§ **Work item**:
In the listing below, find the line containing "给定来自上一层的线条图和特征" and the line containing "阿里山香煙是來自寶島臺灣的一", then copy exactly everything from the first through the second, except the pictures.

§ **Excerpted data**:
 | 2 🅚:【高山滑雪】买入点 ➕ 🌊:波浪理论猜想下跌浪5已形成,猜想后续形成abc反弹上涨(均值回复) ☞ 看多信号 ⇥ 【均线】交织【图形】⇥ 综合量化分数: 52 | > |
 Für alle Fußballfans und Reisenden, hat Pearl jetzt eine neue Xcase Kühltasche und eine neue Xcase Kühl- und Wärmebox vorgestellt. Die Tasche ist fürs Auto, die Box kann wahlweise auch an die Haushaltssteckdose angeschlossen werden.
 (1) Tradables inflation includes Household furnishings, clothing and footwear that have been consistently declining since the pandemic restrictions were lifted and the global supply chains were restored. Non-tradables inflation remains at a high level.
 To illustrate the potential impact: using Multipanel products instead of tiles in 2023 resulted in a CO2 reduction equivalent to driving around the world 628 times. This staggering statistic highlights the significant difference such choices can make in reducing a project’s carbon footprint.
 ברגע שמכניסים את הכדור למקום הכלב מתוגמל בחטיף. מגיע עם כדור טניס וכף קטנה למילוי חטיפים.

--

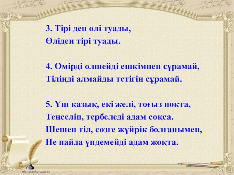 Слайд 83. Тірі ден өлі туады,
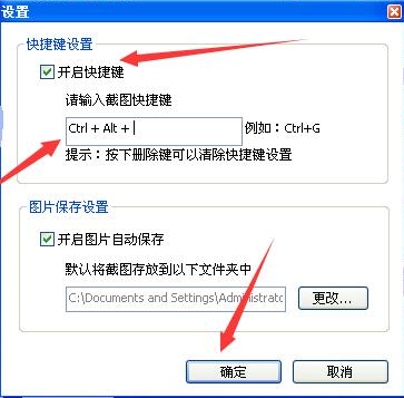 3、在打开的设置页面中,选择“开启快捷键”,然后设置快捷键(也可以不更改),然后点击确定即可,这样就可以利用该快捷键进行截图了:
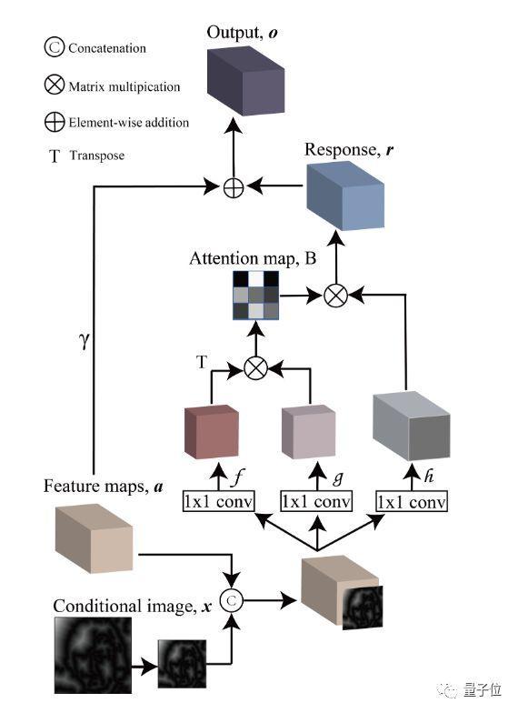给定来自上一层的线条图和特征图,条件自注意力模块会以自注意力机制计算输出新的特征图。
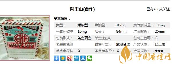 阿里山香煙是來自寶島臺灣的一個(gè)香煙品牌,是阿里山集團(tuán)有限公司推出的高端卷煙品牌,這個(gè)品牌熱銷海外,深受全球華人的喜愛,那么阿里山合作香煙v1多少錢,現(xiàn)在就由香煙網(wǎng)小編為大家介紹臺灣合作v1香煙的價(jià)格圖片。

...

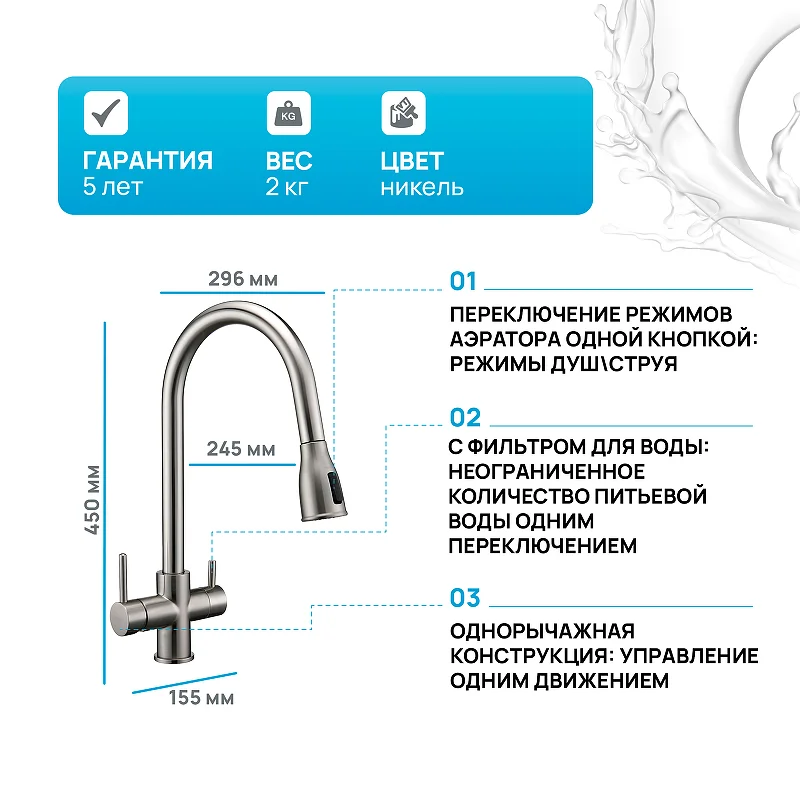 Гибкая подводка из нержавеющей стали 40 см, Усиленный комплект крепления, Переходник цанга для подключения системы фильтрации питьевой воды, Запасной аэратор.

§ **Answer box**:
给定来自上一层的线条图和特征图,条件自注意力模块会以自注意力机制计算输出新的特征图。
 阿里山香煙是來自寶島臺灣的一個(gè)香煙品牌,是阿里山集團(tuán)有限公司推出的高端卷煙品牌,這個(gè)品牌熱銷海外,深受全球華人的喜愛,那么阿里山合作香煙v1多少錢,現(xiàn)在就由香煙網(wǎng)小編為大家介紹臺灣合作v1香煙的價(jià)格圖片。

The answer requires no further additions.